# Recommendations please



## pippersmom (May 21, 2012)

Right now I'm feeding Pipper Blue Buffalo's Freedom Grain Free for small breeds and he really seems to like it but when this bag is almost gone I would like to switch back and forth between this and Fromm (to give variety) since I've read a lot of people here use Fromm and the dogs like it. Which type of Fromm does your dogs seem to like the best.


----------



## Zoe's Mom88 (Apr 25, 2011)

I don't personally use Fromm as I homecook but from everything I have read it seems to be a good food. I would stick to similar meat that you currently are feeding in the Blue Buffalo. Maybe someone else who feeds Fromm can chime in. Good luck.


----------



## Snuggle's Mom (Jan 3, 2008)

Not sure why you want to switch from BB New Freedom Grainfree??? Snuggles and Chrissy are both on the Adult variety and love it. I switched to New Freedom mainly due to Chrissy's tear staining which has not really improved much. I was feeding them both BB Longevity which is less in calories.


----------



## pippersmom (May 21, 2012)

I just want to switch back and forth between the two when one bag is getting low just to give him variety so he's not eating the same thing all the time and lots of people seem to like the Fromm so I thought it would be a good one to try.


----------



## Kaiser (May 10, 2012)

pippersmom said:


> I just want to switch back and forth between the two when one bag is getting low just to give him variety so he's not eating the same thing all the time and lots of people seem to like the Fromm so I thought it would be a good one to try.
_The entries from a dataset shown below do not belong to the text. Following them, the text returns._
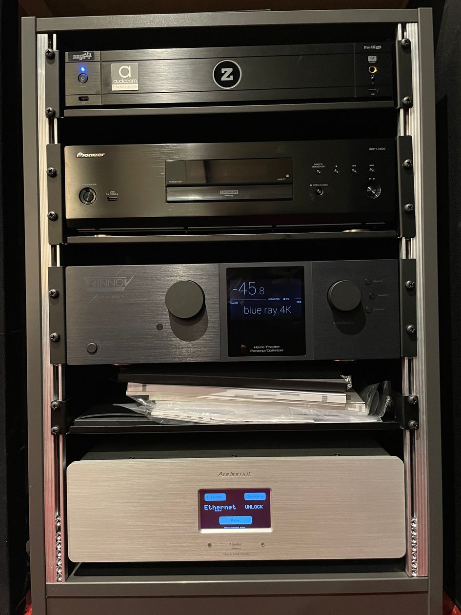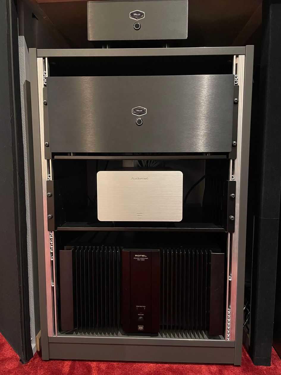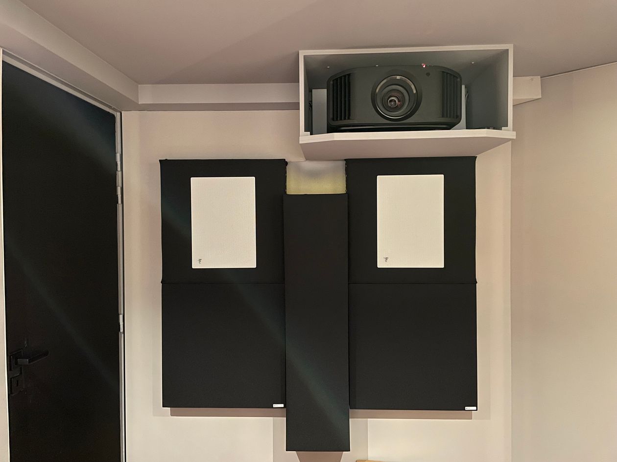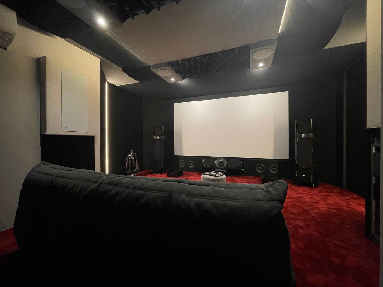 Système conjuguant qualité hifi et home-cinéma dans une pièce dédiée dès la construction de la maison et pour cela, isolée et traitée acoustiquement ! Tentative de conjuguer deux mondes qui ne sont pas forcement compatible l'un avec l'autre, l'audiophile et le home cinema...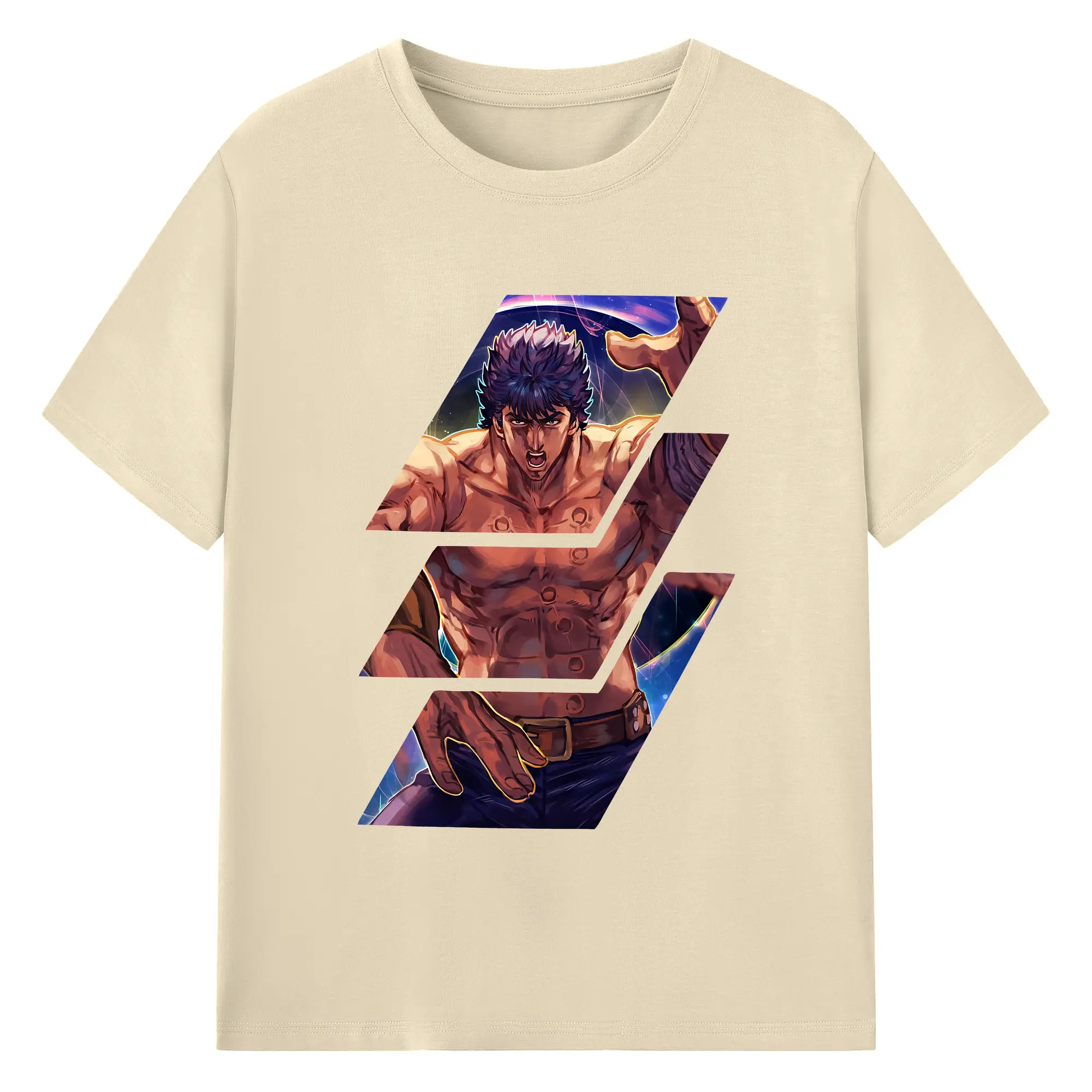 北斗の拳 グッズ,ケンシロウ - 綿100% ヴィンテージ風 半袖Tシャツ ・ フロントプリント ・ 柔らか肌触り ・ 通気性 快適 ・ スポーツ カジュアル 外出用
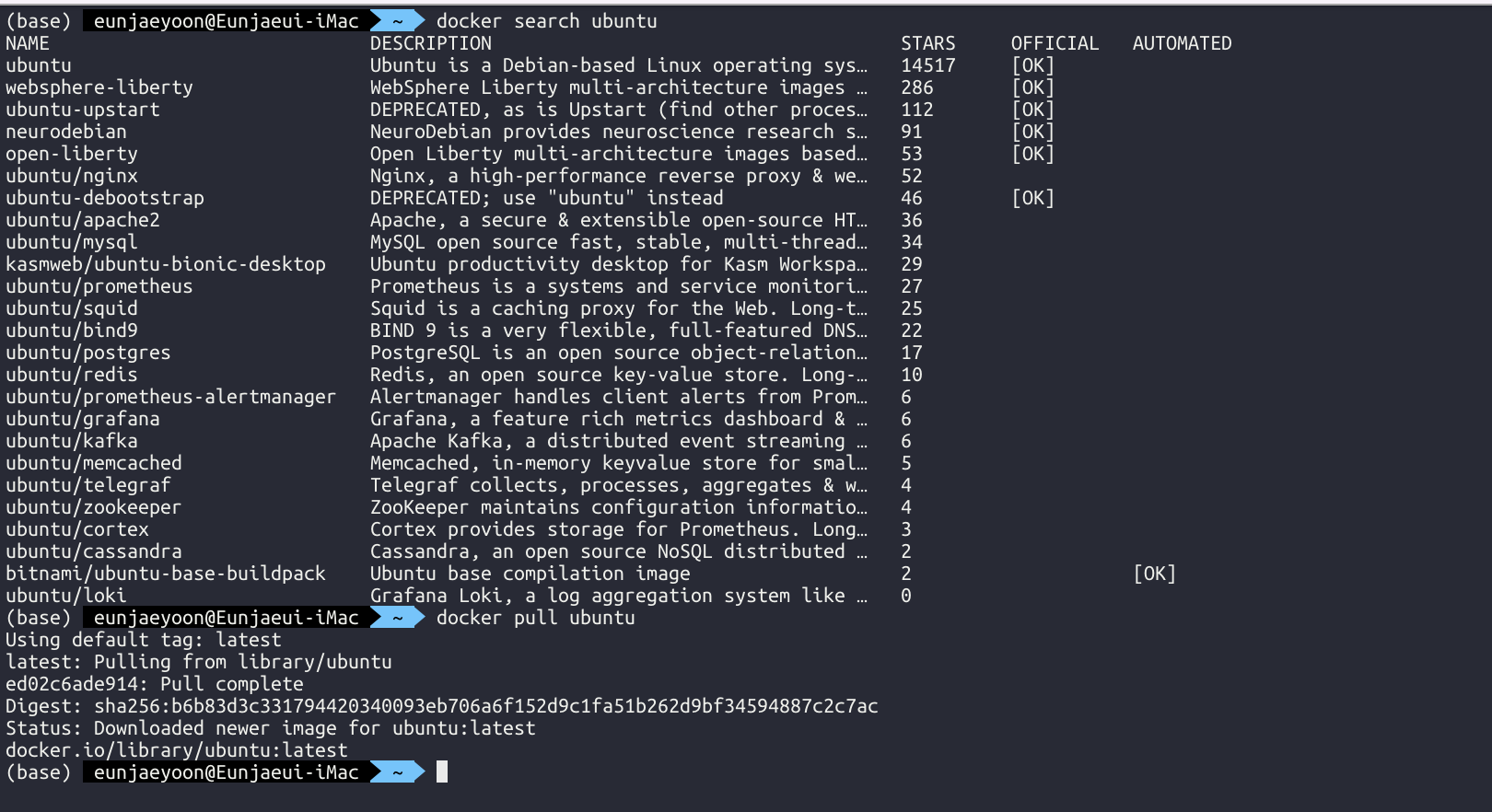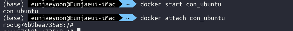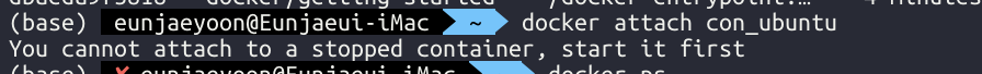 * 만약 이러한 에러 (You cannot attach to a stopped container, start it first) 가 발생한다면 컨테이너를 시작해주지 않아 발생한거니 docker start con_ubuntu 이 명령어로 생성한 컨테이너를 실행시켜주면 된다.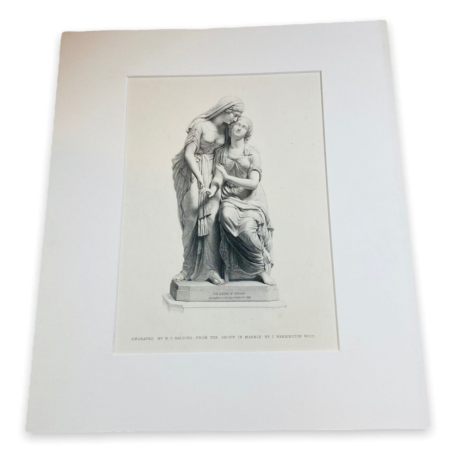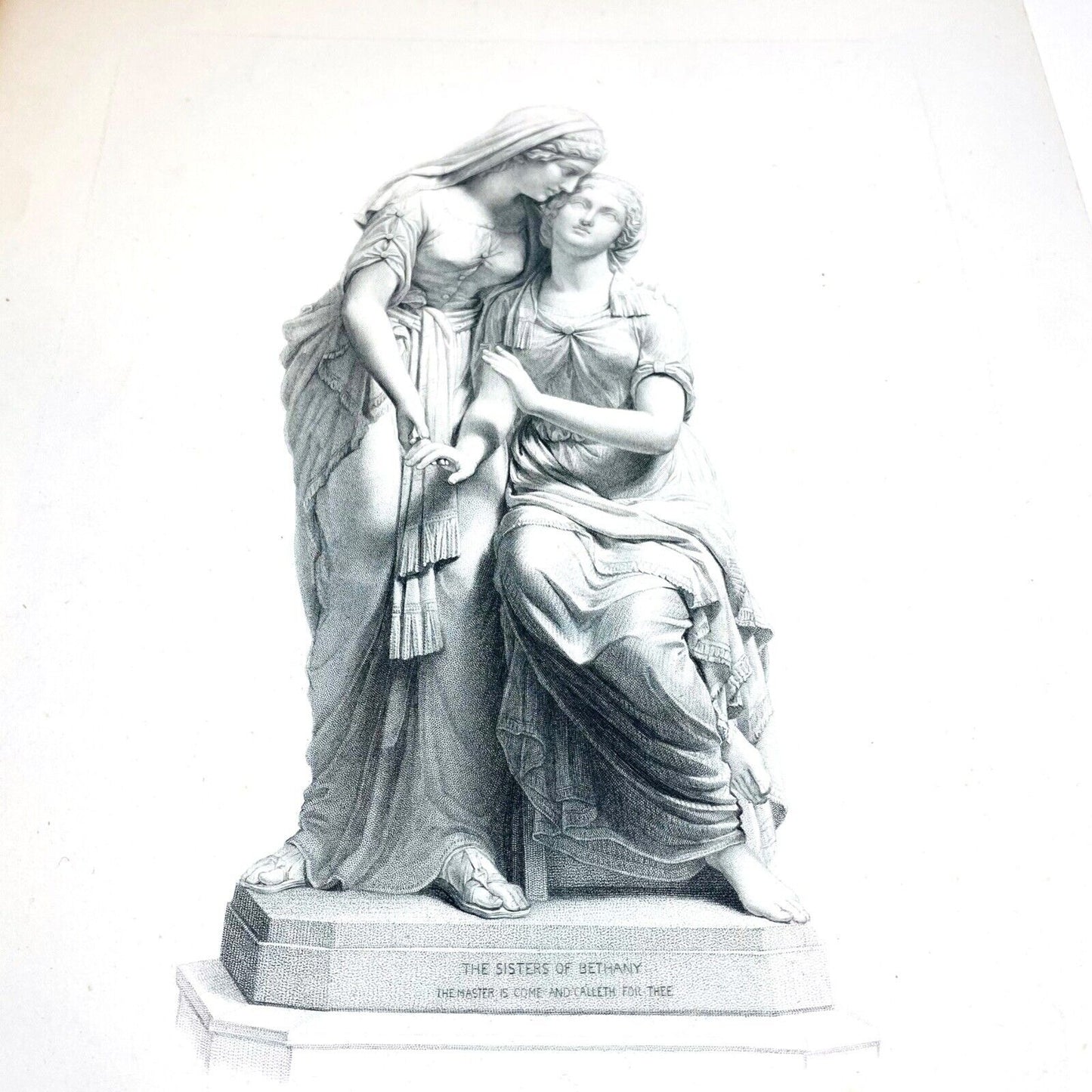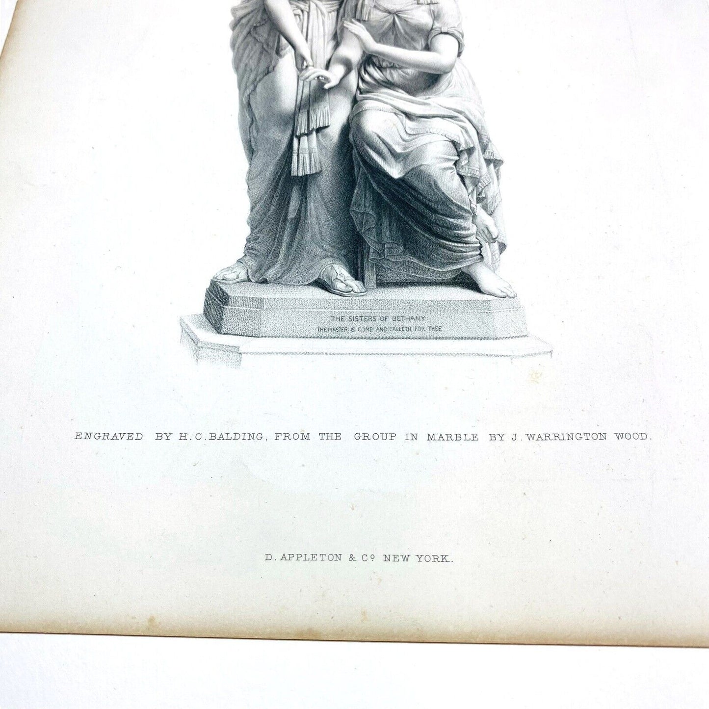Engraving "The Sisters of Bethany" 1860 H.C. Balding Matted Religious Christian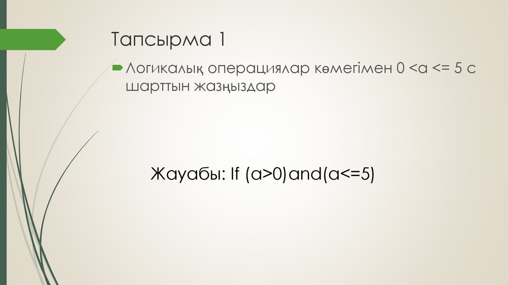 а 5-тен кем емес шарттын логикалық операцияларкөмегімен жазыңыздар. If (a>=5) түрінде жазуға болады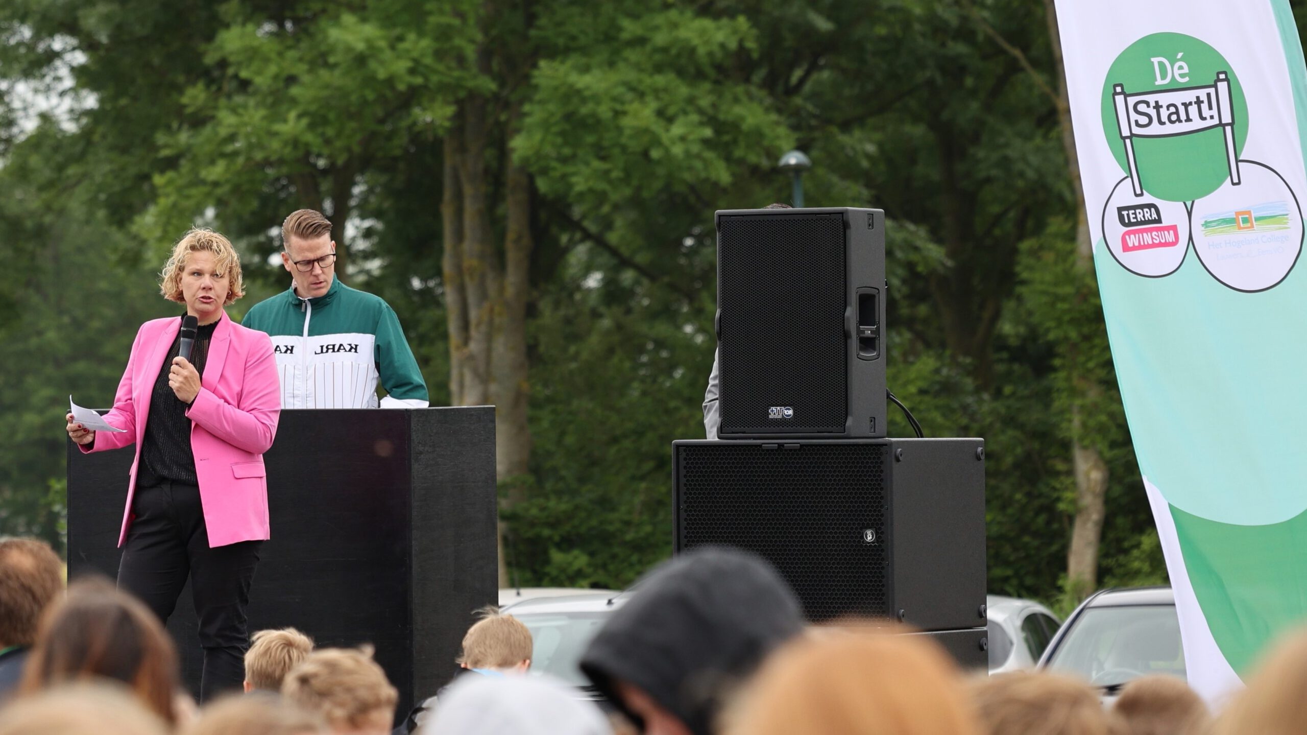 Succesvolle start van een samenwerking tussen twee vmbo-scholen in Winsum 12 juli 2021 Whatsapp Share Share WINSUM – Onlangs hebben leerlingen van Het Hogeland College in Winsum en Terra Winsum met elkaar kennisgemaakt. De kennismaking stond in het teken van de start van de samenwerking tussen beide scholen. Eerstejaars leerlingen van beide scholen ontmoetten elkaar deze dag bij voetbalvereniging VV Winsum. Door met elkaar sportieve en ‘groene’ activiteiten uit te voeren, hebben ze op informele wijze kennis met elkaar kunnen maken. Een aantal jaren geleden zijn de besturen van CSG Winsum, Het Hogeland College en Terra Winsum met elkaar rond de tafel gegaan om te spreken over nadere samenwerking. Het doel van de samenwerking is het behoud van een volwaardig en kwalitatief hoogwaardig vmbo-aanbod in de gemeente Het Hogeland. De urgentie zit in de demografische krimp en een daling van het aantal leerlingen als gevolg. De eerste stap is inmiddels gerealiseerd: de samenvoeging van CSG Winsum en Het Hogeland College locatie Wehe-den Hoorn met ingang van 1 augustus 2020. De volgende stap is een samenwerking tussen Het Hogeland College en Terra Winsum. Beide hebben de ambitie om in Winsum samen te werken in projecten met als doel het aanbod aan vmbo-onderwijs op langere termijn zo aantrekkelijk mogelijk te houden voor leerlingen en de regio. Beide scholen vinden het van groot belang dat de leerlingen elkaar leren kennen. Daarom is deze kennismakingsdag georganiseerd. Het was de bedoeling om deze dag al eerder te organiseren, maar door de coronamaatregelen was dit niet mogelijk. De kennismakingsdag is tevens de officiële aftrap om een start te maken met de samenwerking tussen beide scholen. Circa 225 eerstejaars leerlingen van beide scholen kwamen bij elkaar bij voetbalvereniging VV Winsum. Hier vond de opening plaats vanuit de directie van beide scholen, gevolgd door een openingswoord van wethouder Kristel Rutgers. Na deze opening kwam er een spetterend optreden van de Groninger act WatAans! Vervolgens gingen de leerlingen gemixt deelnemen aan een tweetal workshoprondes, die een sportief en groen karakter hadden. Deze circa twintig workshops vonden plaats in de omgeving van het prachtige Winsum. Hierbij ging het om workshops zoals kanoën, dierhouderij, biologische kunst met bloemen en koken. Nieuws

Wow this is exactly what I had in mind too! Great minds think alike.:HistericalSmiley:

I would love if anyone can give a recommendation if this is a good idea or not. I was on the verge of buying a bag of Fromm earlier but I figured I would ask here first before I do it. I wasn't sure which one to get too. So any advice would be greatly appreciated!


----------



## tokipoki (Jun 20, 2012)

pippersmom said:


> I just want to switch back and forth between the two when one bag is getting low just to give him variety so he's not eating the same thing all the time and lots of people seem to like the Fromm so I thought it would be a good one to try.


Hello! I started my pup on Blue Buffalo's Lamb and Oatmeal Puppy formula and switched her over to Wilderness for puppies. She did really well on these! I have been really pleased with BB!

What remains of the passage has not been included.